Next year will mark 1,700 years since the Council of Nicaea (325), the first ecumenical in history, after the Emperor Constantine had given freedom of worship to the Christian faith, a very new social phenomenon that had permeated good part of the society of the Roman empire. Emerging in Palestine within Judaism, it had quickly differentiated itself. It was not a “religion” with the elements of that time regarding worship, faith and life. It was not a philosophy either, although there were things in which it was similar. It was a new phenomenon and, as such, unknown. And, perhaps for that very reason, persecuted.

The Ateneu Universitari Sant Pacià (AUSP) has joined the study movement that this anniversary encourages and has made it an object of research by the faculties that comprise it. On April 18 and 19, it will organize an international conference on this topic. Furthermore, the anniversary has also been the reason for the inaugural lecture of this course at the AUSP, which I gave under the title Reflections and questions surrounding the Council of Nicaea of ​​325 and where I showed the questions raised by the birth of the Christian faith, the change that Nicaea represents when the Church stops being persecuted and how it adapts to the new situation. I made people aware of the care that must be taken with the sources that provide us with information and I noted how it should be contrasted with the maximum scientific rigor. An exciting study to understand the history and value the Christian faith from birth to today in the service of people and a more just world. Honest return to original sources helps.

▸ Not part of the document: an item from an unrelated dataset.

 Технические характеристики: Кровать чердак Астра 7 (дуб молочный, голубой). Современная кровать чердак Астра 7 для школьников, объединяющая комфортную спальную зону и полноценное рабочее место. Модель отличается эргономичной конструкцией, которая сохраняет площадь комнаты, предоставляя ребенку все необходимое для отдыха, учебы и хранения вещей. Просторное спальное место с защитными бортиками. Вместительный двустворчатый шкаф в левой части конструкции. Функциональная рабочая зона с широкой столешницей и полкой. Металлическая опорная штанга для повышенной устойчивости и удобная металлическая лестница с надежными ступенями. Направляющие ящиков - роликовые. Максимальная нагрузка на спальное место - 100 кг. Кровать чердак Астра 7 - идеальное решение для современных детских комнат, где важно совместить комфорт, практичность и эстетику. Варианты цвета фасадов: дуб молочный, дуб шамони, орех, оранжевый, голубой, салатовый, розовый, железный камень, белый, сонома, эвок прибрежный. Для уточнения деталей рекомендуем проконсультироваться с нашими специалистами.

For this reason, it is difficult to find statements that say that Christian beginnings were subject to the dilemma “baptism or execution”, coming from a work by C. Nixey (2018) that places Christian origins in a shadow, a darkness full of terror that forced to receive a baptism in exchange for life. A strange situation in which the one who had been persecuted was now even more of a persecutor and used the power he supposedly had to force a baptism without taking into account that, without conversion, it could not produce any effect at all. There are many scholars who have questioned the reading of the sources made in this work, as well as the research method, very little contrasted, which reaches supposed conclusions that shed light on things completely hidden throughout history until now.

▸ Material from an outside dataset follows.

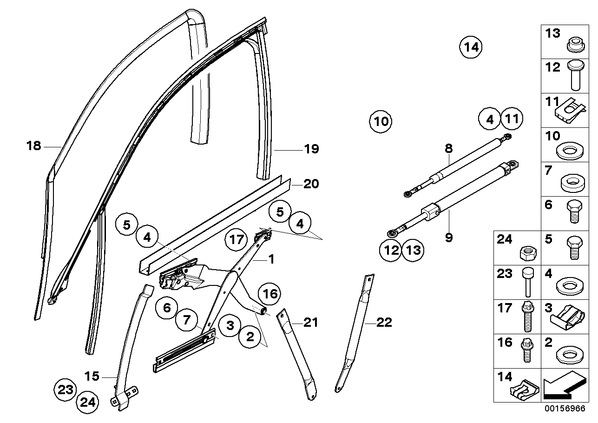 Запчасти из Германии / Запчасти БМВ / Запчасти E67 / 760LiS / Группы запчастей / Группа 51 «Оснащение кузова» / Механизм перемещения стекла двери Пд Механизм перемещения стекла двери Пд для БМВ E67, модель 760LiS № Наименование Дополнение Кол-во Вып. с Вып. до Номер AE 01 Стеклоподъемник Л Пд 1 51337055117 01 Стеклоподъемник П Пд 1 51337055118 02 Прокладочная шайба ZNS3 2 08.2005 07119904198 02 Прокладочная шайба 10-200 HV-ZNNIV 2 07119904168 03 Предохранитель B10-ZNS3 2 07129904567 04 Прокладочная шайба 8,4X16X1,6-ZNNV 4 07119907030 05 Болт с шестигранной головкой M8X12 4 07119902914 06 Болт с шестигранной головкой M8X16-8.8-ZNS3 4 07119902900 07 Распорная втулка 10X14X4 4 07147119938 08 Газонап.амортизатор пер.стеклоподъемника 2 51337063678 09 Гидроцилиндр переднего стеклоподъемника 2 67826924227 10 Прокладочная шайба 8,4X16X1,6-ZNNV 4 07119907030 11 Шайба фиксирующая B8 4 07129904492 12 Штифт 4 41517065272 13 втулка 4 41517065273 14 Шайба фиксирующая B8 4 12.2002 07129934916 AE 14 Шайба фиксирующая B8 4 07129904492 16 Винт Torx M6X20 4 07147203315 17 Torx Bolt M6X30 4 51357203714 18 Направляющая стекла двери Л Пд Внутр 1 51337055119 18 Направляющая стекла двери П Пд Внутр 1 51337055120 19 Направляющая стекла двери Л Пд Наруж 1 51337055121 19 Направляющая стекла двери П Пд Наруж 1 51337055122 21 Опора бокового стекла Л Пд 1 51337055099 21 Опора бокового стекла П Пд 1 51337055100 22 Опора бокового стекла Л Пд 1 51337066125 22 Опора бокового стекла П Пд 1 51337066126 23 Упорный буфер M6 2 51241961697 24 Гайка шестигранная M6-8-ZNNIV SI 2 07119905543

Rather, today historical research is unanimous when it affirms that the Christian Church spread strongly because it was a universal phenomenon, derived from the Gospel of Jesus of Nazareth, which revealed God as father of the whole world, which gave a dignity equal to Anyone. The consequence was the exercise of charity not only among its members, but towards the entire world. Only that could be a guarantee that whoever wanted to take part would not do so to enjoy this benefit, but rather for a true conversion of heart, a condition for baptism.